■ **WORK TASK**
Skip every picture, and output exactly the lines starting at the one with "天花板、櫥櫃上端等不容易碰觸" and running through the last line of the material below.

■ **SUPPLIED RECORDS**
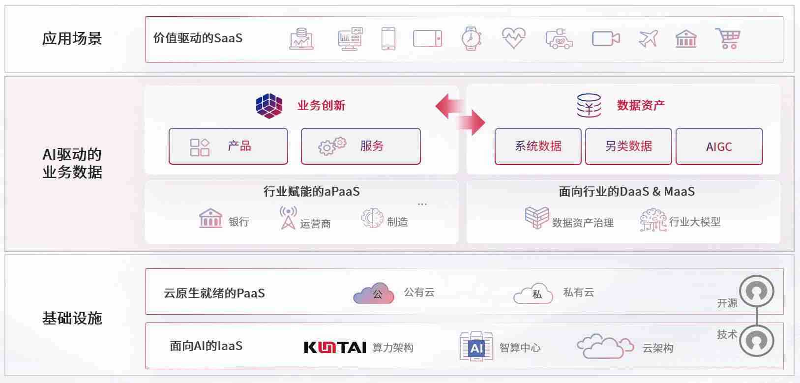 数字时代,,围绕企业数字化转型的关键要素,,,,z6com尊龙数码开创性的提出数云融合战略和技术体系框架,,,着力在云原生、、数字原生、、、AI原生和信创产业上架构产品和服务能力,,,,为处在不同数字化转型阶段的快消零售、、、、汽车、、、金融、、、医疗、、、、政企、、、、教育、、、、运营商等行业客户提供泛在的敏捷IT能力和融合的数据驱动能力,,,构建跨界融合创新的数字业务场景和新业务模式,,助力企业级客户建立面向未来的核心能力和竞争优势,,,,全面推动社会的数字化、、智能化转型升级。。。。
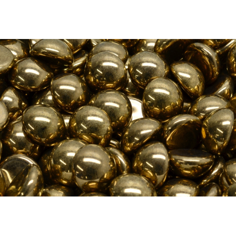 Zlatohnědý odstín Jet Gold Bronze s vysokým kovovým leskem definuje tento 12 mm skleněný kabošon z dílny rodinné firmy Rutkovský. Tradiční české sklářství se zde projevuje v precizním zpracování a jedinečné formě, která je výsledkem ručního lisování skla. Tato povrchová úprava dodává šperkům hloubku a luxusní vzhled, přičemž bronzová barva zůstává nadčasovým prvkem v jakémkoliv designu náušnic, broží nebo náhrdelníků.
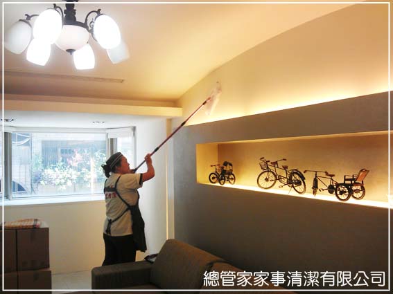 天花板、櫥櫃上端等不容易碰觸到的地方,容易積累灰塵與蜘蛛網,可運用市售可伸縮拖把,外面套一層防塵帽,逐一將粉塵與蜘蛛網吸附清除就可以了。
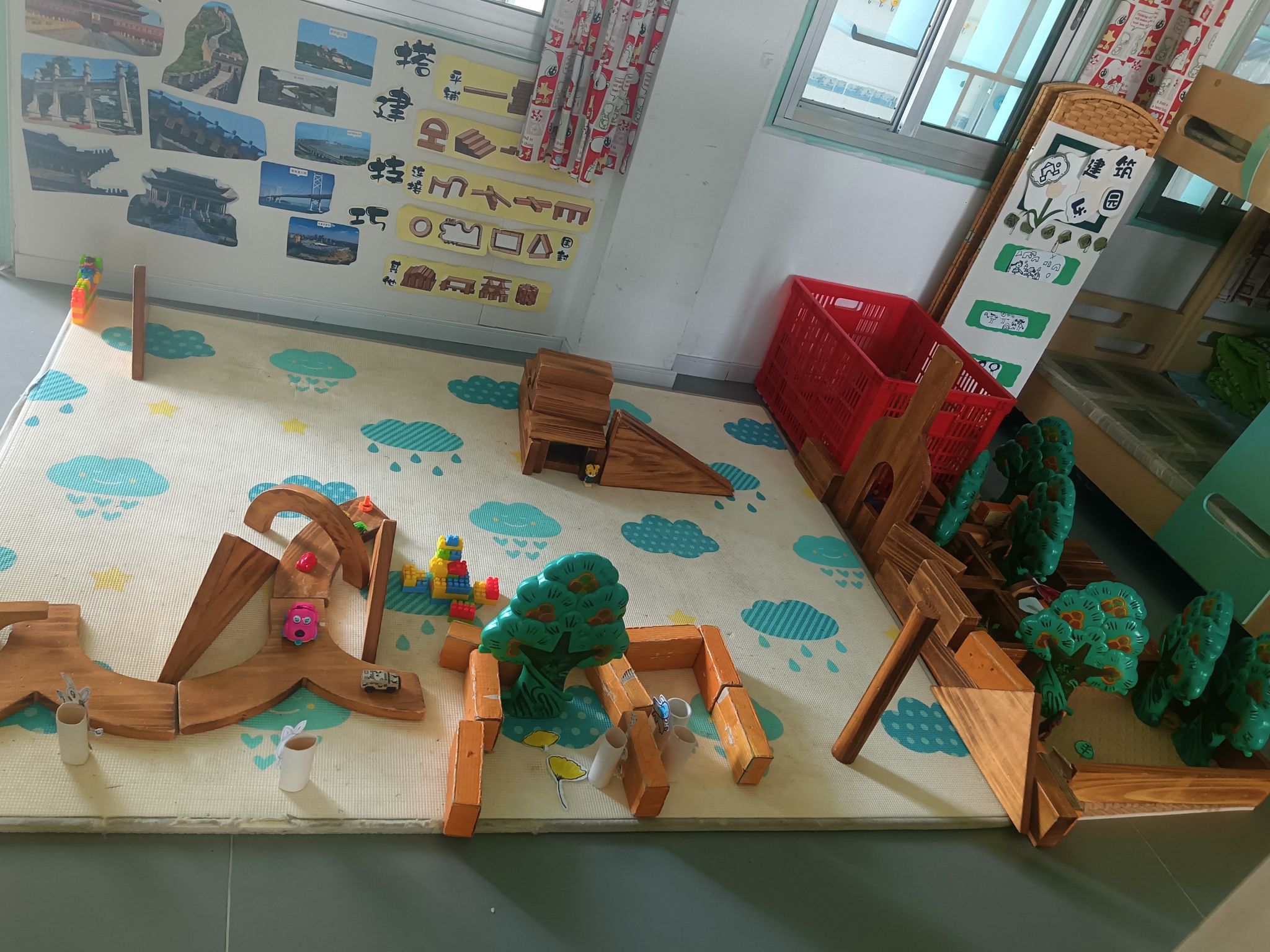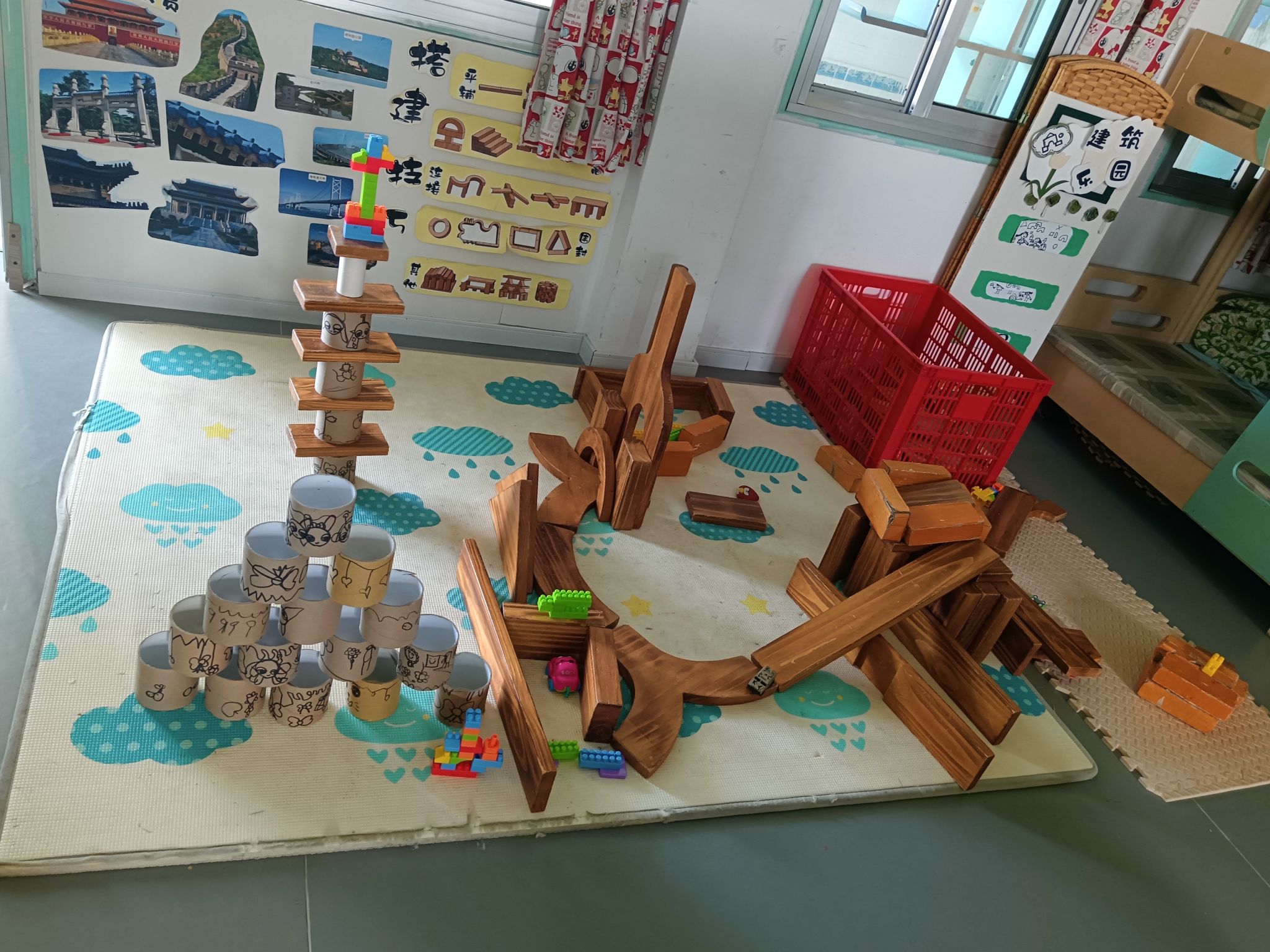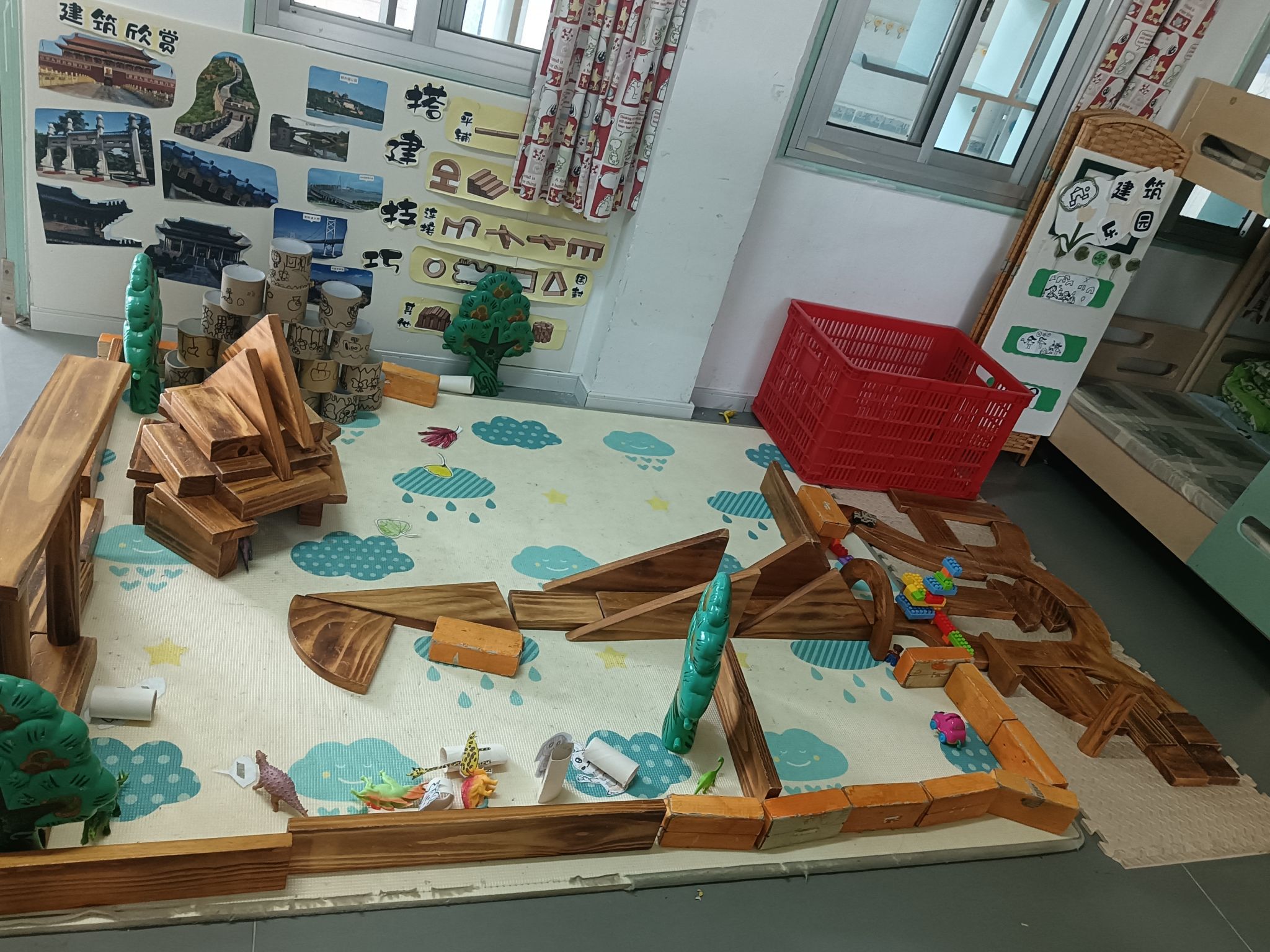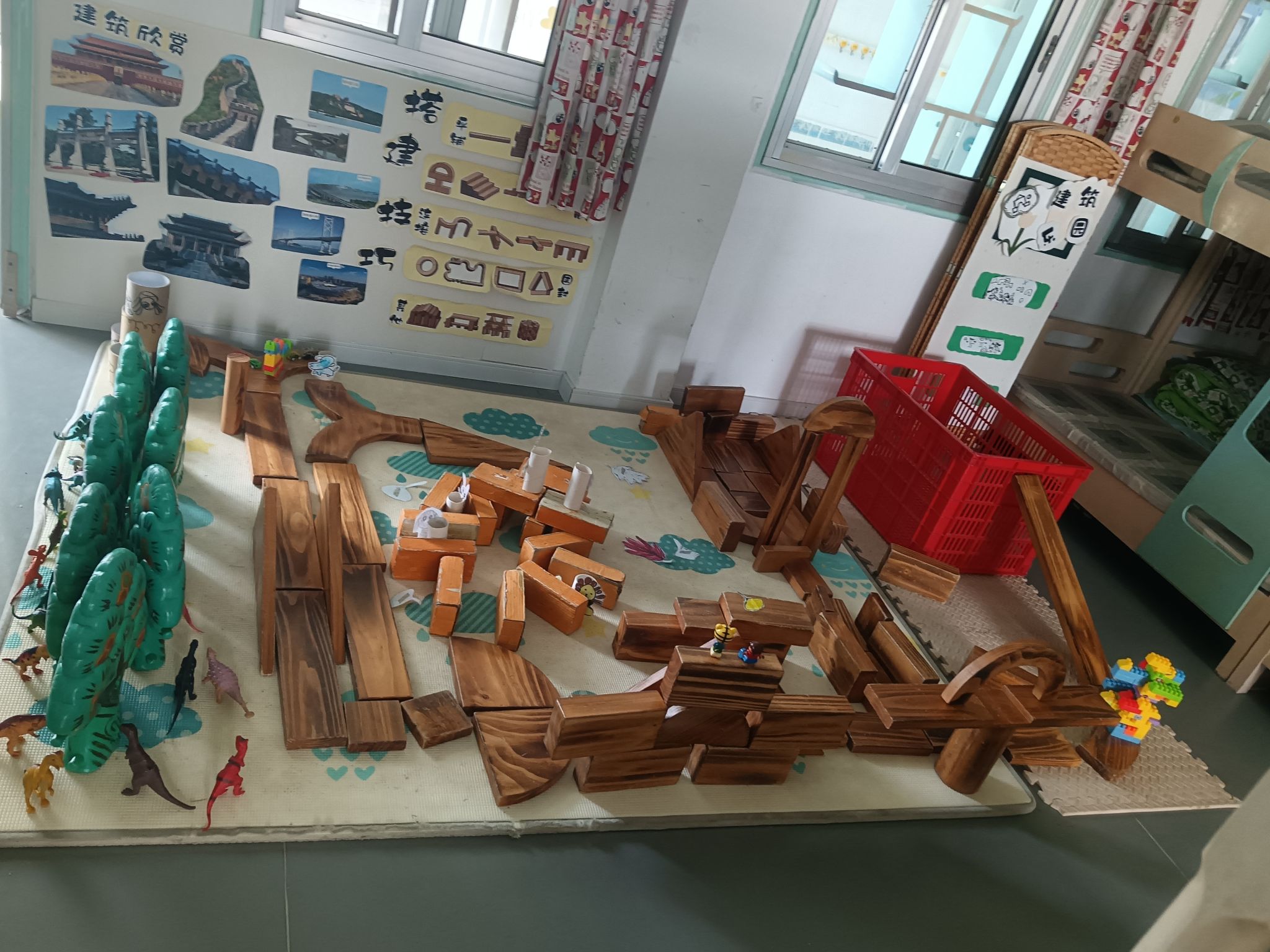建构区是孩子们最喜欢选择的区角,在这里,他们可以尽情发挥他们的想象,一起讨论、商量、设计出大家共同创想的作品,每次游戏结束,孩子们总要叫我拍下照片,小小的建构区,大大的创想地......
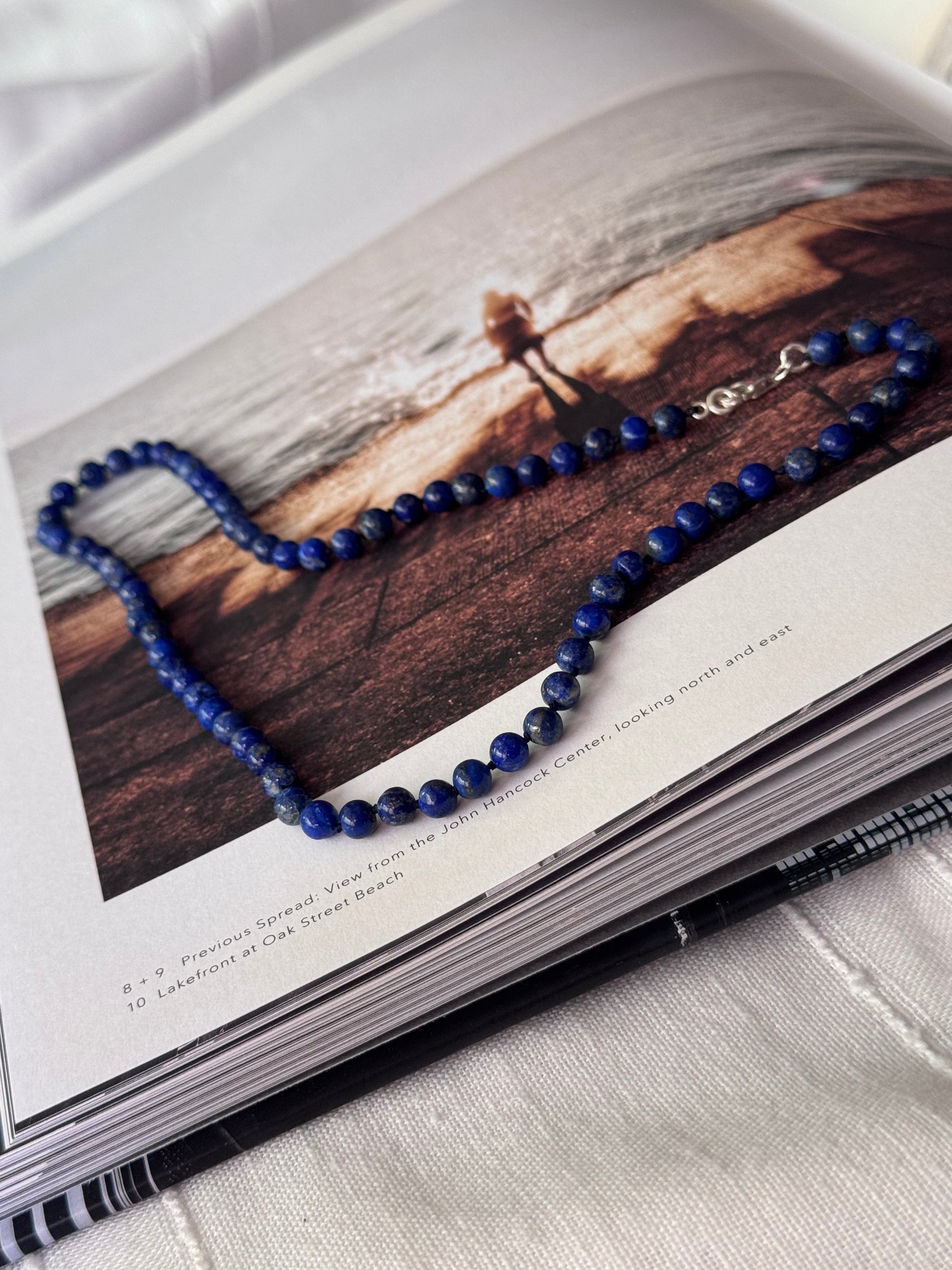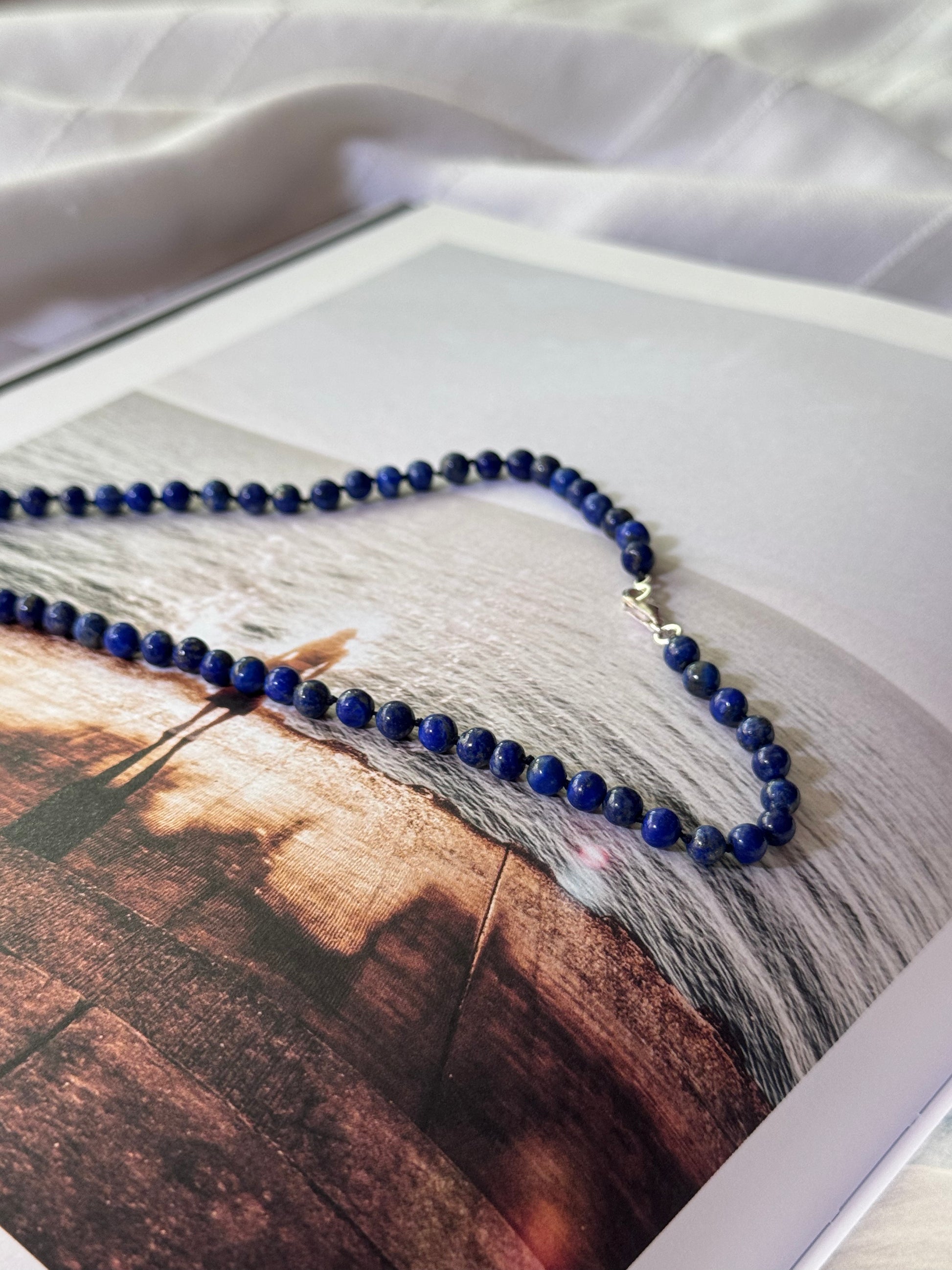 Collar de Lapislázuli engarzado en hilo con broche de plata. Medida 39 cm.

■ **RESPONSE TO THE EXERCISE**
 天花板、櫥櫃上端等不容易碰觸到的地方,容易積累灰塵與蜘蛛網,可運用市售可伸縮拖把,外面套一層防塵帽,逐一將粉塵與蜘蛛網吸附清除就可以了。
建构区是孩子们最喜欢选择的区角,在这里,他们可以尽情发挥他们的想象,一起讨论、商量、设计出大家共同创想的作品,每次游戏结束,孩子们总要叫我拍下照片,小小的建构区,大大的创想地......
 Collar de Lapislázuli engarzado en hilo con broche de plata. Medida 39 cm.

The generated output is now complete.